Niko’s gaze darkened. “No, but I’m certain Julian isn’t housing them out of the goodness of his heart.”

“You’re ridiculous,” she growled. “Julian is singlehandedly saving our society from extinction. He’s the saint we needed when our princess abandoned us.”

The anger that had built beneath Niko’s features shifted to suspicion. He tipped away from her, distancing himself from where they’d both leaned in. His every scrutiny seemed to settle fully on her, making her immediately uncomfortable in her own skin.

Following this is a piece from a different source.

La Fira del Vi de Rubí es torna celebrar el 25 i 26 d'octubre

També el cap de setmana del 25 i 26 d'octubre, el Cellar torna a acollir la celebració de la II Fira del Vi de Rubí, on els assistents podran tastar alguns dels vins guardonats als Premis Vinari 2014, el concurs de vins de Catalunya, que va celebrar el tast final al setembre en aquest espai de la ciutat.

“That is the third time you’ve said that exact phrase, Jade.”

“What?”

“You’ve used that exact same phrase three times. Three different conversations.” Suspicion shifted to something close to concern. “Why do you keep repeating it?”

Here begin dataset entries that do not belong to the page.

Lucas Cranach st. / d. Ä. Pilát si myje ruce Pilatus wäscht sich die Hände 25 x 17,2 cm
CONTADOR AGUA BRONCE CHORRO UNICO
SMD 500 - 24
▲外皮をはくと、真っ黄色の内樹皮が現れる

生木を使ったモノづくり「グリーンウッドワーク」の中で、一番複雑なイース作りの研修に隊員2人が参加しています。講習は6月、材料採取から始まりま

“Because it’s true.” There was no other answer.

“Is it?” Niko softened, his shoulders loosening as he explained, “Think about it. It’s the Anchoria and their efforts to synthesize what we lack. They are singlehandedly saving our race from extinction, not Julian.”

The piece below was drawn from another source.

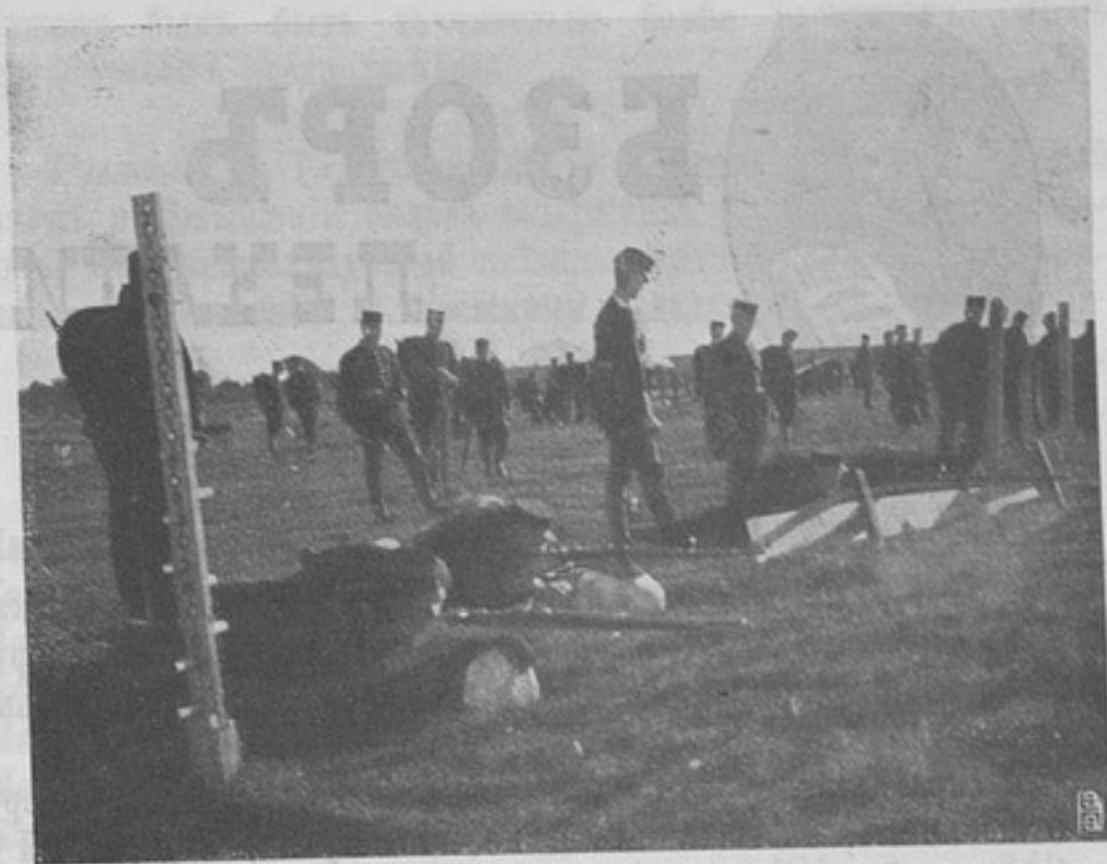
Шведская армія. Стрѣльба уменьшенными патронами въ боевой обстановкѣ. (Изъ полковыхъ сборовъ Королев. лейбъ-гренадерскаго п.).

серьезное вниманіе всѣ государства Европы, нашло твердую почву въ нашей арміи.

As she tried to digest the words, pain yawned awake behind her temples.

“Julian may house them, but they are the ones who pay the price for keeping our people alive. They are the ones who give of themselves so that we may live. So that we can still have children,” he insisted. “Julian is just the one who holds their schedule.”

It was true—all of it. The Anchoria had been trying to keep their race alive for centuries.

It was a losing battle, and they were desperate to delay the final defeat.

Try as she might, she couldn’t seem to connect the two disparate parts of thought that Niko had called out.

One side of her argued in Julian’s defense, while the other was frantically pulling away.

She pinched her temples. A persistent throb beat inside her skull, and though she longed to speak up on her prime’s behalf, she couldn’t seem to battle through it.

The man who’d brought about her discomfort stood opposite her.

The immature fool mask had shattered. Whereas everyone believed Niko was a billionaire playboy with too much money to spend on fancy cars and merely a lucky streak of business decisions, there was far more to him.

It’d taken his concern about her to shatter that illusion.

“Are you okay?”

The sound of his voice made her wince. “Headache. I’ll be fine.”

“I can call for a mender?”

She shook her head—then immediately regretted it. “No, I get them all the time. It’s not worth it.”

Opening her eyes, she caught sight of the way he looked at her. His antagonism had suddenly dissolved in the face of her pain. Though it looked like he wanted to say more, he hesitated.

“What can I do?”

“It’ll go away soon,” she whispered. “Distract me?”

When he pulled her against his chest, coaxing her into a gentle sway, Jade tried not to dissolve into him like melted chocolate. She tried not to notice the powerful contours of his body, or the way the soft puffs of his breath tickled along her neck.

Her spine straightened, but she didn’t pull away. “What are you doing?”

His smirk returned. “Distracting you. Dance with me.”

“There’s no music.”

A deep, rumbling plume of laughter began in his chest, vibrating through them both. “Of course, there is, dove. Listen .”

Resting her head back against his chest, her eyes closed.

Into the space around them, a tune became clear. The gentle rustle of the whispering pines played a melody that encouraged the soul to unwind. It was mirrored by the lullaby voiced by drumming flowers, and the whistle of wind through leafed trees. They were dancing under the stars.

Jade’s soul stirred in response. “Beautiful.”